■ **Work instructions**
Print the data below again in full, exactly as it stands, with no images.

■ **Data to use**
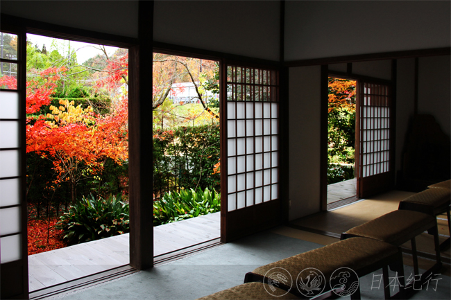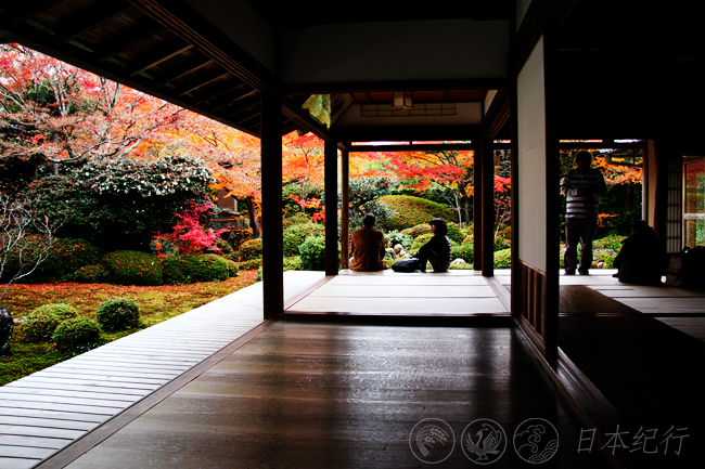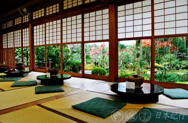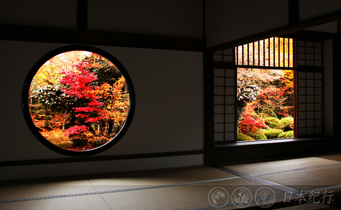 美好的事物总是让人不舍,我离开了毘沙门堂,走进幽静的曹洞宗禅院—鹰峰山宝树林源光庵。源光庵是个很特别的禅院,处处都张贴着意义深刻的警世名言。本堂里的圆窗和角窗更是给人印象深刻,许多人和我一样都是为了看一眼这两扇别具一格的窗子而特意赶来源光庵的。本堂左侧的圆窗代表禅、智慧和整个宇宙世界;右面的角窗代表人间世界的执迷不悟、逃脱不掉的生老病死和四苦八苦。窗外的景色四季变换,美不胜收。窗里窗外看世界,尽管是同样的景致角度不同感受却是不同。日本人以最简单的形态阐述了禅文化的博大精深,仿佛为到此一游的游客们免费上了一堂深奥的哲学课。
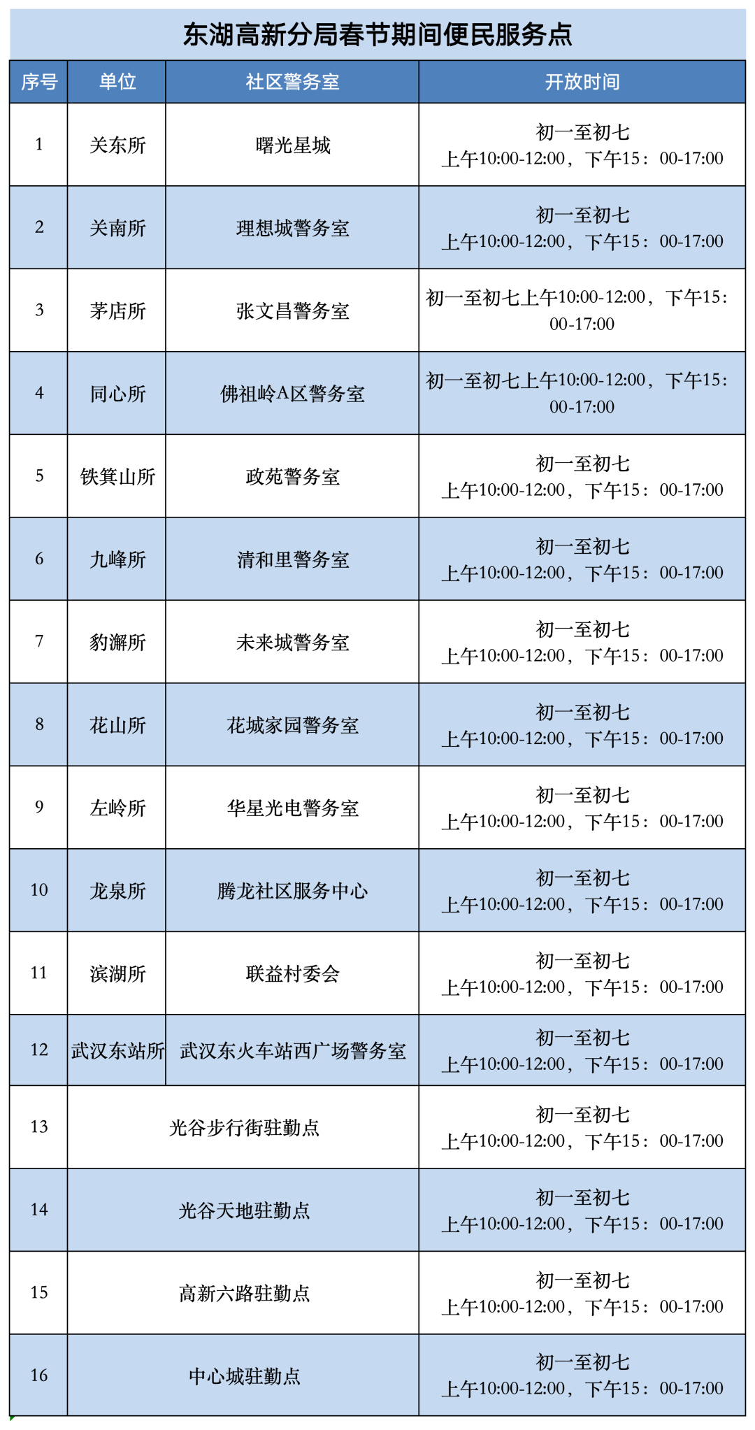 各派出所(正月初一至初七)在辖区大型社区、商圈设置16个便民服务点,接受群众咨询、求助及报警,提供便捷、温馨的服务。
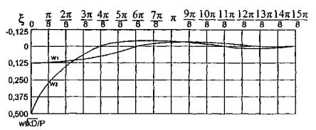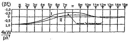 Рис. 9.2. Прогибограмма ледяного покрова при движении груза с первой критической скоростью Кривая I - в направлении движения груза, кривая II - в противоположном направлении ξ. Опытными данными [56] доказано, что в случае, когда скоросд движения груза равна скорости распространения свободной волны (V=C); прогиб под нагрузкой максимально возрастает, то есть имеет место явление резонанса. На рис. 9.3 дан график изменения динамического коэффициента по прогибам для ледяного покрова под нагрузкой в зависимости от скорости ее движения, подсчитанного на основе выражения (9.8), как отношение динамического прогиба к статическому. Статический прогиб получен из (9.8) при скорости V=0.
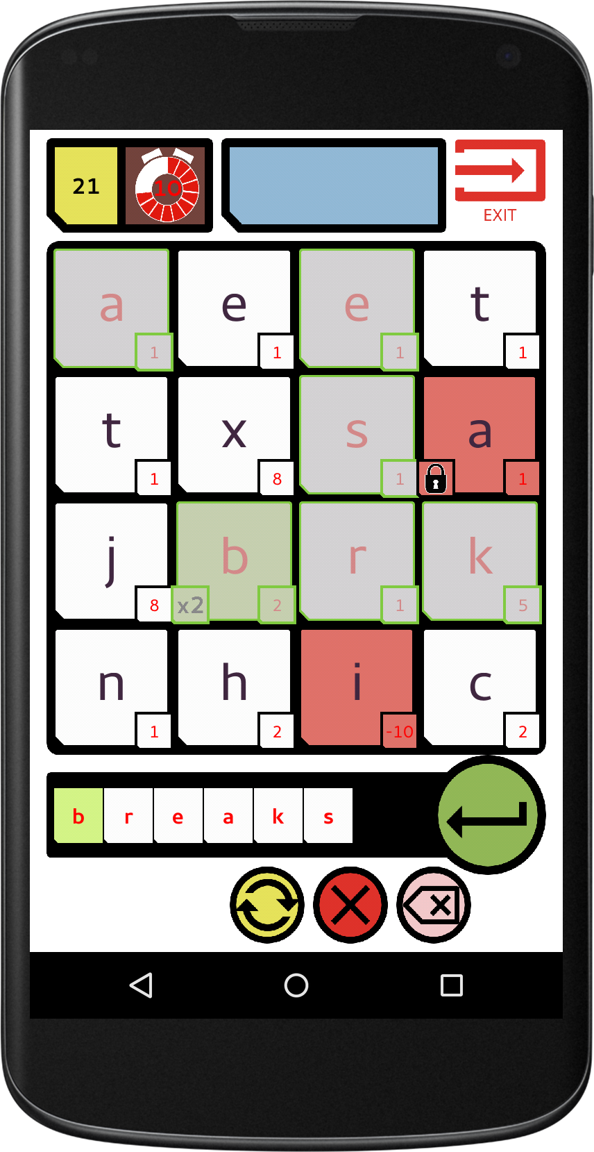 WordSmash is a fast action word game for Android phones and tablets. Race against the clock to find as many words of three letters or more as you can. Collect points and bonuses as you go. Increase the time on the clock by finding more and longer words but watch out for penalties. Will you hold your nerve as the clock runs down?
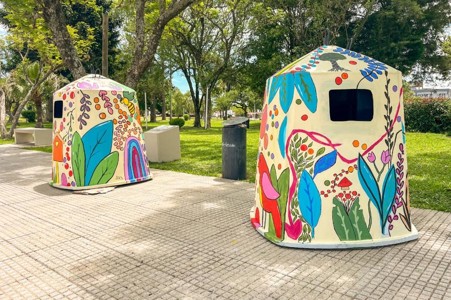 Alumnos de las escuelas N°2 “Francisco Ramírez”, N°4 “Bicentenario de la Patria” y del Colegio Luterano “El Redentor”, junto al artista local Francisco Menescardi, llenaron de color los contenedores que pronto formarán parte de la campaña de recolección de plásticos.
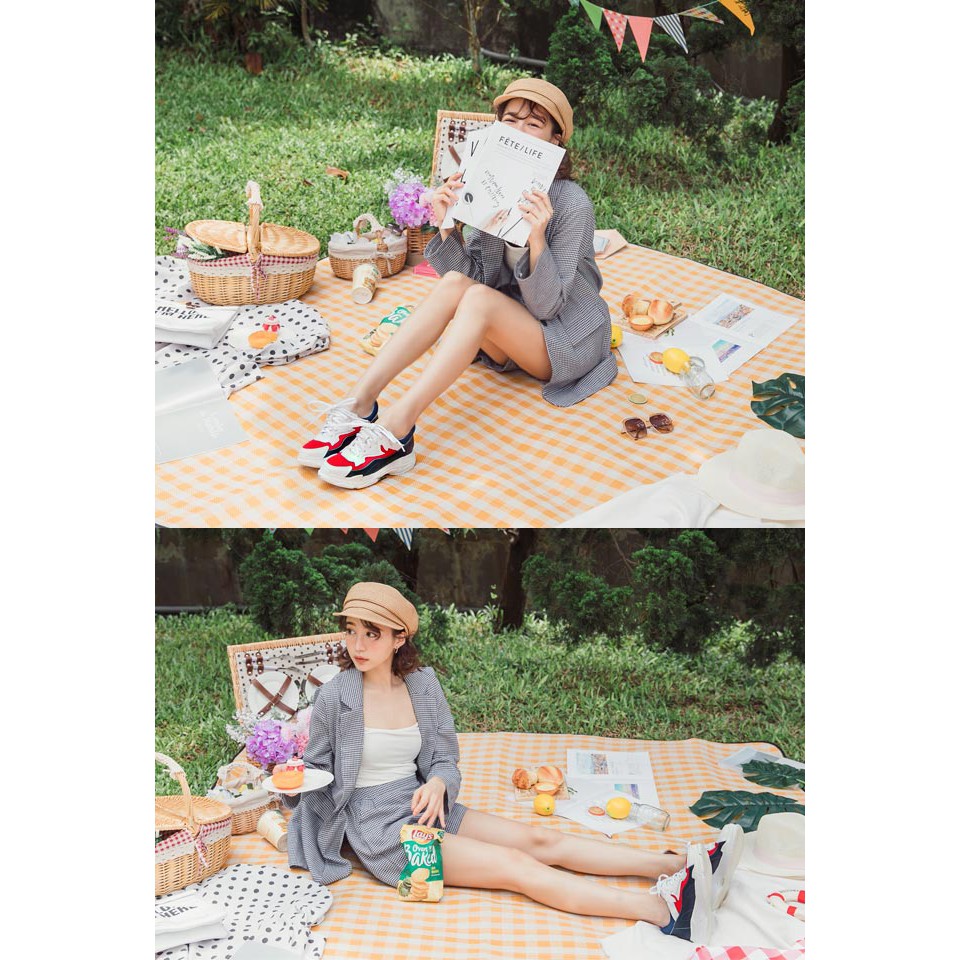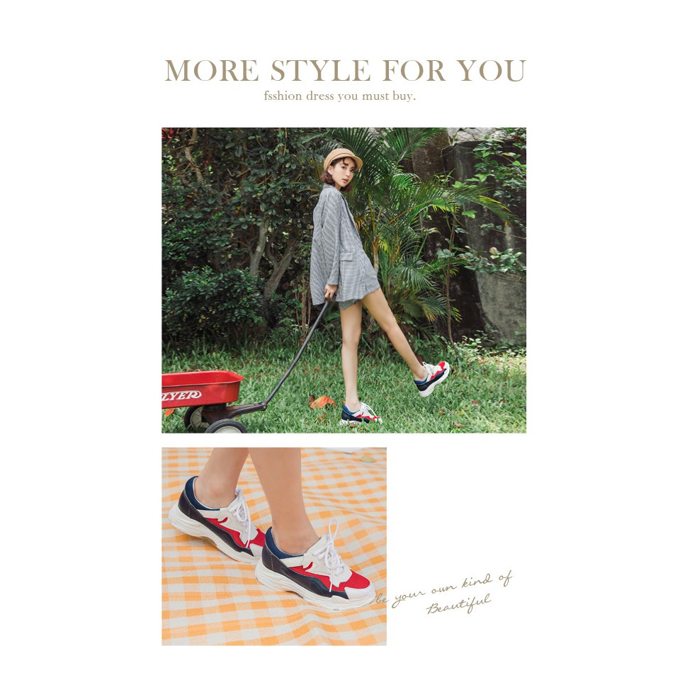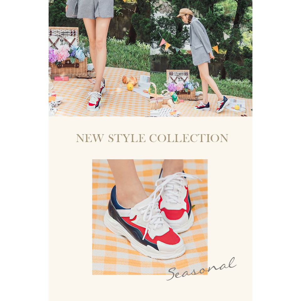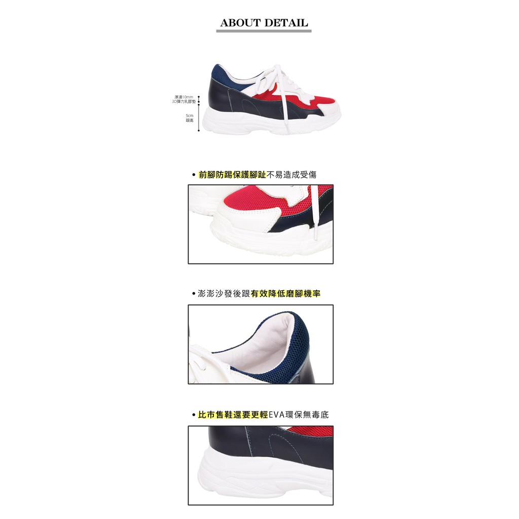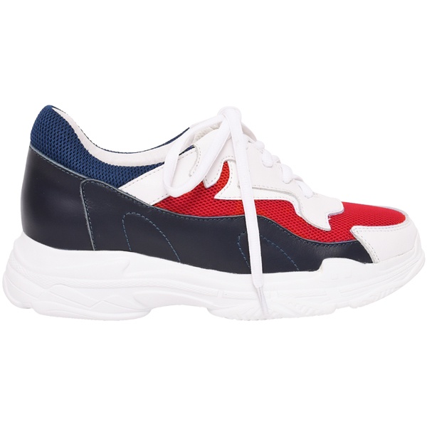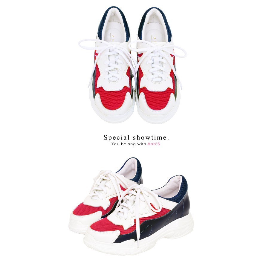 Ann’S魔術第四代拼接色調細腿真皮老爹小白鞋-深藍紅
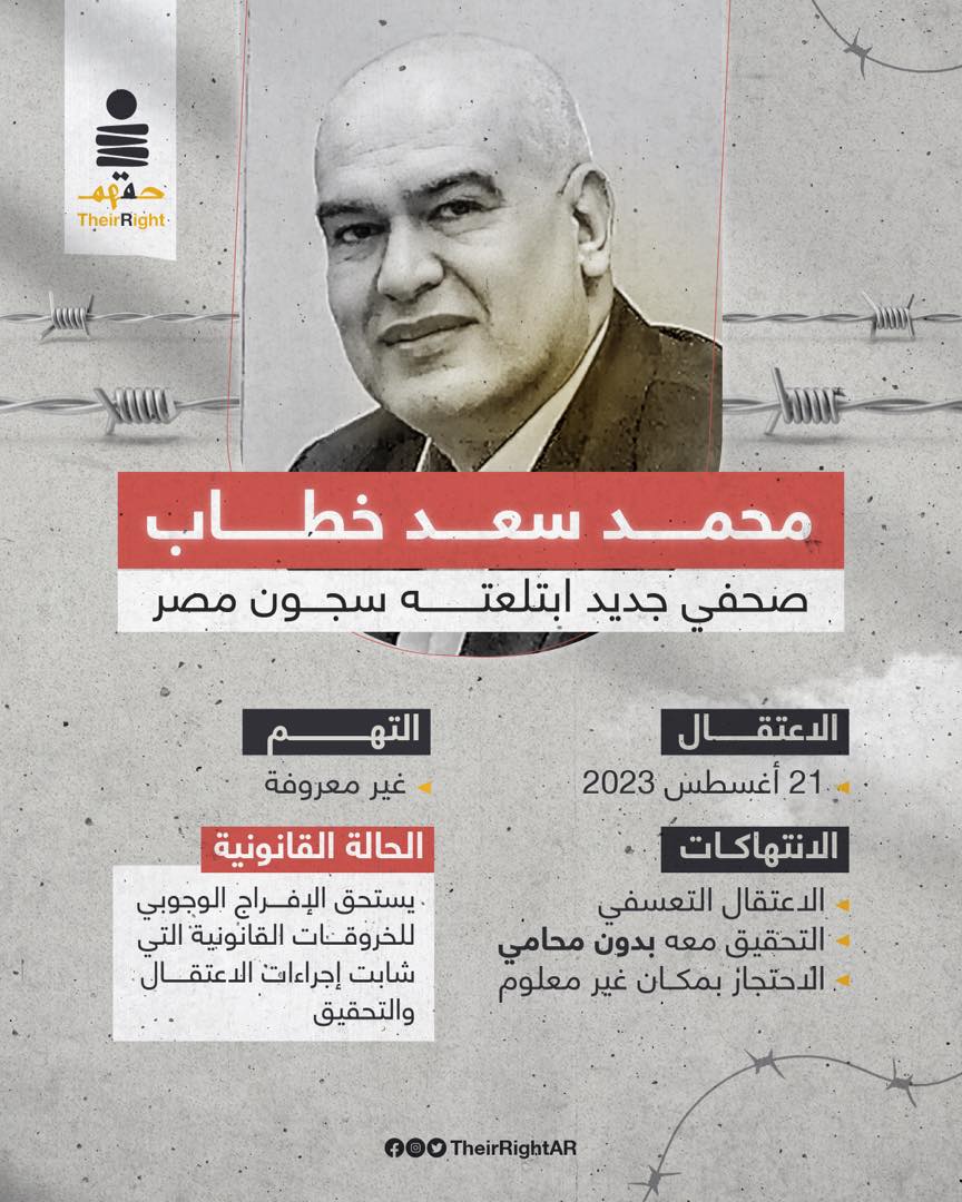 رصدت منظمة “حقهم” المعنية بالدفاع عن معتقلي الرأي والمختفين قسريا اعتقال سلطات الانقلاب للصحفي محمد سعد خطاب، مساء الاثنين 21 أغسطس 2023 من منزله، بعدما عبر عن رأيه بتغريدة.
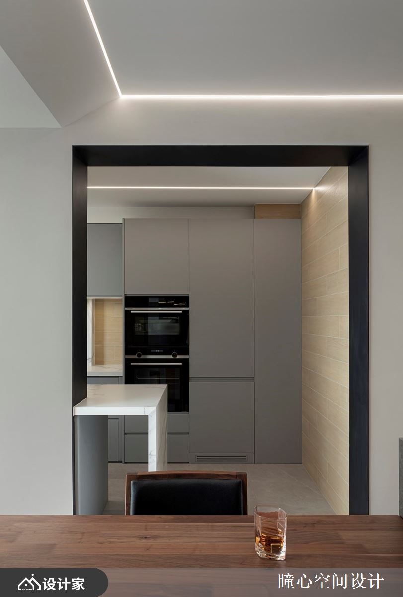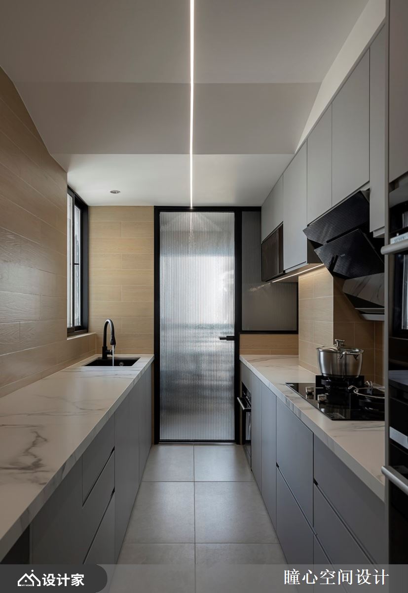 二字型的橱柜布局足够容纳一切的凌乱,还以空间至精至简。
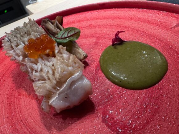 松笠。どちらのお店が手掛けられたか確認するのを忘れたが、完璧な火入れ。そして一片たりとも頃合いを逃していないウロコのサクサク。

■ **Written solution**
 美好的事物总是让人不舍,我离开了毘沙门堂,走进幽静的曹洞宗禅院—鹰峰山宝树林源光庵。源光庵是个很特别的禅院,处处都张贴着意义深刻的警世名言。本堂里的圆窗和角窗更是给人印象深刻,许多人和我一样都是为了看一眼这两扇别具一格的窗子而特意赶来源光庵的。本堂左侧的圆窗代表禅、智慧和整个宇宙世界;右面的角窗代表人间世界的执迷不悟、逃脱不掉的生老病死和四苦八苦。窗外的景色四季变换,美不胜收。窗里窗外看世界,尽管是同样的景致角度不同感受却是不同。日本人以最简单的形态阐述了禅文化的博大精深,仿佛为到此一游的游客们免费上了一堂深奥的哲学课。
 各派出所(正月初一至初七)在辖区大型社区、商圈设置16个便民服务点,接受群众咨询、求助及报警,提供便捷、温馨的服务。
 Рис. 9.2. Прогибограмма ледяного покрова при движении груза с первой критической скоростью Кривая I - в направлении движения груза, кривая II - в противоположном направлении ξ. Опытными данными [56] доказано, что в случае, когда скоросд движения груза равна скорости распространения свободной волны (V=C); прогиб под нагрузкой максимально возрастает, то есть имеет место явление резонанса. На рис. 9.3 дан график изменения динамического коэффициента по прогибам для ледяного покрова под нагрузкой в зависимости от скорости ее движения, подсчитанного на основе выражения (9.8), как отношение динамического прогиба к статическому. Статический прогиб получен из (9.8) при скорости V=0.
 WordSmash is a fast action word game for Android phones and tablets. Race against the clock to find as many words of three letters or more as you can. Collect points and bonuses as you go. Increase the time on the clock by finding more and longer words but watch out for penalties. Will you hold your nerve as the clock runs down?
 Alumnos de las escuelas N°2 “Francisco Ramírez”, N°4 “Bicentenario de la Patria” y del Colegio Luterano “El Redentor”, junto al artista local Francisco Menescardi, llenaron de color los contenedores que pronto formarán parte de la campaña de recolección de plásticos.
 Ann’S魔術第四代拼接色調細腿真皮老爹小白鞋-深藍紅
 رصدت منظمة “حقهم” المعنية بالدفاع عن معتقلي الرأي والمختفين قسريا اعتقال سلطات الانقلاب للصحفي محمد سعد خطاب، مساء الاثنين 21 أغسطس 2023 من منزله، بعدما عبر عن رأيه بتغريدة.
 二字型的橱柜布局足够容纳一切的凌乱,还以空间至精至简。
 松笠。どちらのお店が手掛けられたか確認するのを忘れたが、完璧な火入れ。そして一片たりとも頃合いを逃していないウロコのサクサク。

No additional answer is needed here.